The quant/dequant leaves are single LLO vector ops built by LloRegionBuilder::Vcvt*/Vpack*/Vunpack*. Round-to-nearest narrow-float quantize goes through the EXMY converts (0x6e/0x6f) or the bf16→fp8 packs; stochastic rounding goes through four VcvtSrF32To* binops (0x70-0x73) whose second operand is the per-lane random dither; int8 quantize is round → VclampSymmetric → VpackcB8. On the device fast path, quantization is symmetric (zero-point implicitly 0); the asymmetric / zero-point model lives only in the host-side MLIR quant dialect.
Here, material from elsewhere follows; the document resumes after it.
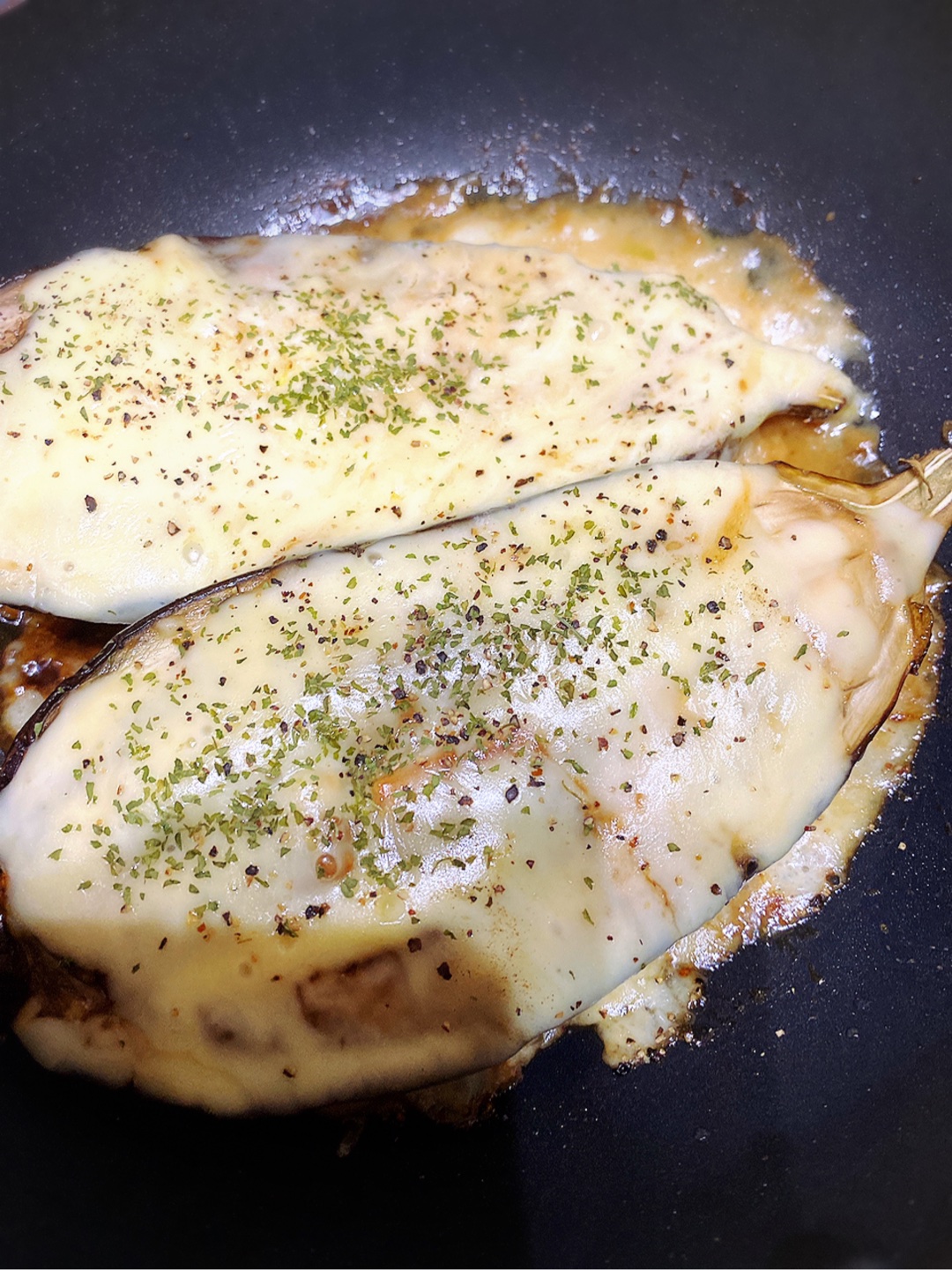 米茄子の甘辛チーズ焼き🍆🍆

The cleanest in-binary reference implementation of symmetric absmax 8-bit quantization is the collective pincer_utils family, which is documented here op-by-op.
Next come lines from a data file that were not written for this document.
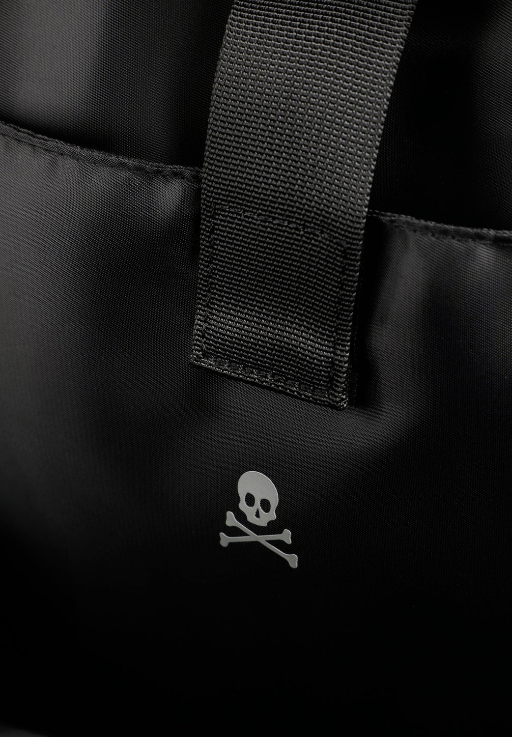 Backpack made of a technical fabric. Double exterior front pocket. Adjustable buckle fastening. Skull detail on front and back print. Top handle. Side and back fastening adjustments. Padded reinforced back.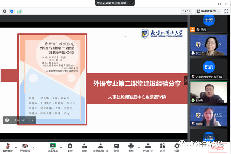 刘博然处长介绍了公司人事处教师发展中心推出的系列“传帮带”教师沙龙的背景,并结合自己的教学科研以及管理工作经历对北外的“传帮带”文化给与了高度的认可,同时表达了对北外教师发展工作的支持。吴江代表sunbet申搏感谢人事处教师发展中心为教师精心设计系列品牌活动,这些活动很好地发挥了中青年骨干教师的作用,同时促进了青年教师融入北外大家庭,得到了教师群体的一致认可和好评。
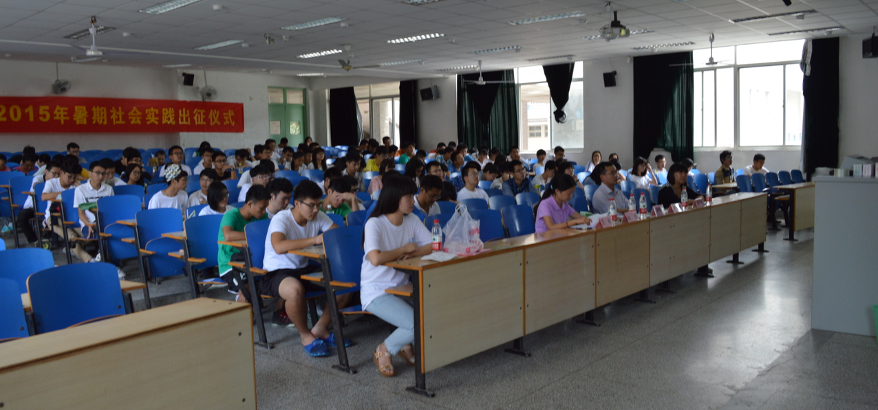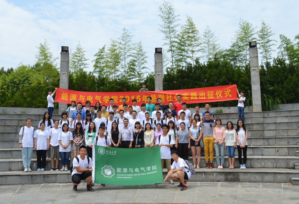 7月7日,能源与电气学院举行了2015年暑期社会实践出征仪式,国产视频 党委副书记汤鸣鸿、院团委书记孙瀚、13级本科生辅导员杨丹老师、14年级本科生辅导员雷镕甄老师、15级本科生辅导员王颖老师以及52支实践团队主要成员共同出席了此次出征仪式。

For reimplementation, the contract is:

Bias-add is fusion, not an op: the AccumulateOutputChunk → DoOutputFusion spine and the VectorizingEmitter Handle* dispatch (HandleBroadcast = bias splat, HandleAdd = bias add).
The accumulator dtype split: int32 VaddS32 (int8 matmul) vs f32 VaddF32 (bf16/fp32), plus the bf16-in-f32 mixed adds 0x11e/0x11f.
The convert leaves: EXMY narrow-float (0x6e/0x6f), the four stochastic-round binops (0x70-0x73), VcvtF32ToS32 round-direction, and the lane pack/unpack helpers.
The saturate layer: VclampSymmetric* (native + min/max fallback 0x15f) vs VclampAsymmetric* (binop 0x4c + min/max), and VclampGez* (ReLU).
The symmetric absmax quantizer (pincer_utils): absmax → scale (qmax/absmax) → quantize → 8-bit wire → f32 requant-reduce → dequant, with the three per-dtype max constants.
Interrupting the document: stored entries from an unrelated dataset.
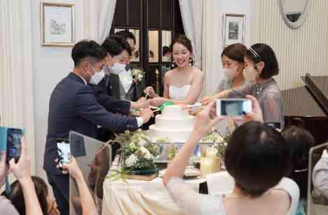 披露宴でも遊び心を忘れませんでした。フルーツも乗っていない真っ白なケーキには、選ばれし4名のゲストとおふたりでクリームをペイントしていきました。なんとゲストの皆様も遊び心満載で、完成したケーキは決して上手とは言えませんでしたが、おふたりらしいテーマが溢れるウェディングケーキが完成いたしました。そして、皆様のデザートとしてご提供いたしました。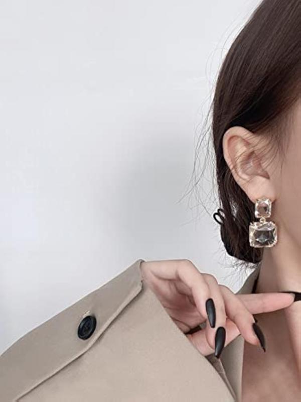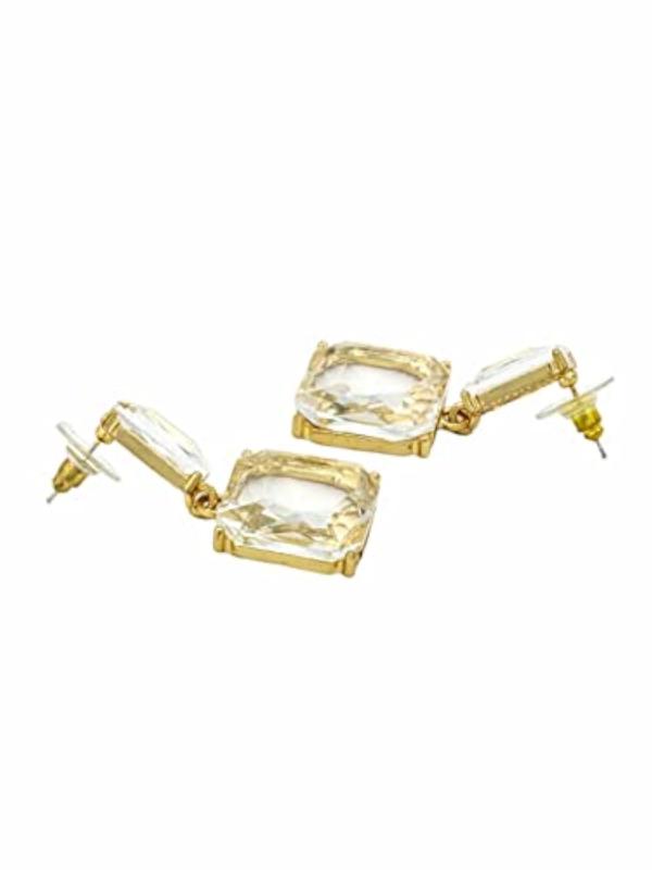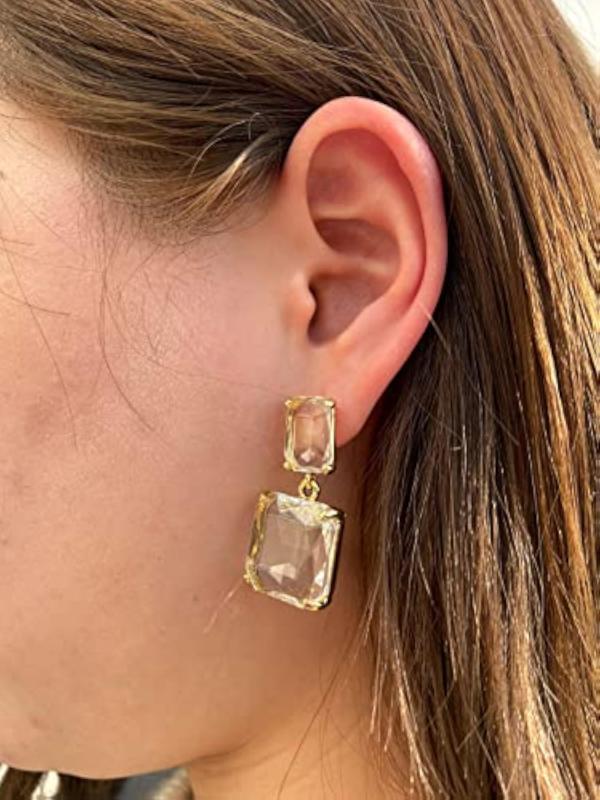 These earrings feature clear crystal geometric shapes for a chic and modern look.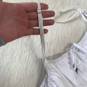 Design: A square neckline, tie shoulder straps, a smocked or shirred bodice, and a tiered skirt with ruffle trim.
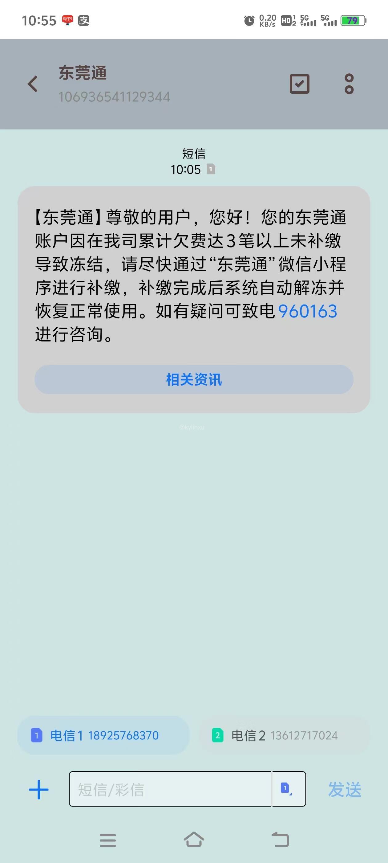 本人近日收到东莞通公司发来的短信(如下图所示) ,内容为本人欠缴2023年乘坐东莞巴士或地铁的欠费,对于此问题,本人有如下疑问需要质问东莞通公司: 1、本人乘坐东莞巴士或地铁都是刷卡乘坐的,刷卡时或过后从来都没有收到过东莞通的任何通知告知刷卡不成功导致扣费失败,并且也一直都可以正常刷卡乘车; 2、近日收到东莞通公司信息显示有诸多扣费失败,需要补缴,这么久远的所谓扣费失败,是东莞通说了就算的吗?打过投诉电话,就是要本人自行去核对,这完全是东莞通耍赖的做法; 3、且不说本人不认可扣费失败的所谓事实,如果当时是真有发生了扣费失败,为何东莞通不能及时通知乘客,这样乘客也能及时的核对是否真的扣费失败了,而不是拖到快两年时间了才通知,难道东莞通的系统是婴儿级别的智能吗? 4、东莞通的客服人员只会机械式的回复乘客的询问,没有提供任何可解决问题的办法,比机器还要机器 本人诉求: 1、要求东莞通公司确实查清事实 2、基于东莞通无赖的做法,本人已补缴了所谓欠款,但不表示本人认可欠费的事实,只是不想给自己造成出行的困扰3、要求东莞通公司在查清事实的基础上还本人事实的真相 4、如果东莞通的系统是如此的“智能”,本人建议能更换或完善这个系统,以免给更多的无辜乘客造成困扰

Bias-add path	`MatrixMultiplyAccumulateFunctor::DoOutputFusion` (`0x13124360`); `HandleBroadcast` (`0x136f1d60`) + `HandleAdd` (`0x13e22e80`)
Accumulator	int8 → int32 `VaddS32` (`0x1d51e9c0`); bf16/fp32 → f32 `VaddF32` (`0x1d525160`); mixed `0x11e`/`0x11f`
RNE narrow-float	`VcvtEXMYToE4M3`/`E5M2` (`0x6e`/`0x6f`); `VpackCBf16ToE5M2`/`E4M3Fn` (`0x126`)
Stochastic round	`VcvtSrF32To{E5M2,E4M3,If8,Bf16}` (`0x70`-`0x73`), binop, rng-bits 2nd operand
f32→int32	`VcvtF32ToS32` (`0x1d524760`): `RoundNearest`→`VroundF32`, else `VtruncF32`, then `0x5e`
Clamp	`VclampSymmetricF32`/`Bf16` (native + `0x15f` fallback); `VclampAsymmetric` (`0x4c`); `VclampGez` (ReLU)
Collective quantizer	`pincer_utils`: `UpdateScale` (`0x137b75c0`), `GetUnpackFunction` (`0x137b8720`); types `{S8, F8E5M2, F8E4M3B11FNUZ}`

Bias-Add Is the Output-Fusion Epilogue

Purpose

A reimplementer needs to know that bias, activation, and output-requantize are not separate passes over a materialized matmul output. They are emitted inline per output chunk, reading the matmul result directly out of the MXU result registers — the whole point of "output fusion".

Algorithm

The post-canonicalization "matmul + bias + activation" HLO is an output fusion:

fusion {
  conv  = convolution(activations, weights)   // MXU
  bcast = broadcast(bias)                      // bias to output tile shape
  add   = add(conv, bcast)                     // bias add
  [opt] = maximum(add, 0) / clamp(...) / tanh  // activation
  [opt] = convert(...) -> out_dtype            // (re)quantize
}

lowered by the per-chunk MXU emission spine:

MatrixMultiplyAccumulateFunctor::operator()                       // 0x1310cd80
  -> AccumOutputChunkAndPossiblyDoOutputFusion                    // 0x13124100
       -> AccumulateOutputChunk                                   // 0x13123a80 : matres -> accumulator
       -> RegisterAccumOutput                                     // 0x131196a0
       -> PossiblyDoOutputFusion                                  // 0x13122d80
            -> DoOutputFusion                                     // 0x13124360

DoOutputFusion (0x13124360) branches on ShapeUtil::ElementIsIntegral/ElementIsFloating(out), dequantizes an int32 accumulator with VcvtS32ToF32 before the float epilogue (so bias-add and activation run in f32 even for int8 matmuls), then walks the fusion body op-by-op through the VectorizingEmitter Handle* dispatch, and finally VreducePrecision (bf16 rounding, unless AllowExcessPrecision) + Vst.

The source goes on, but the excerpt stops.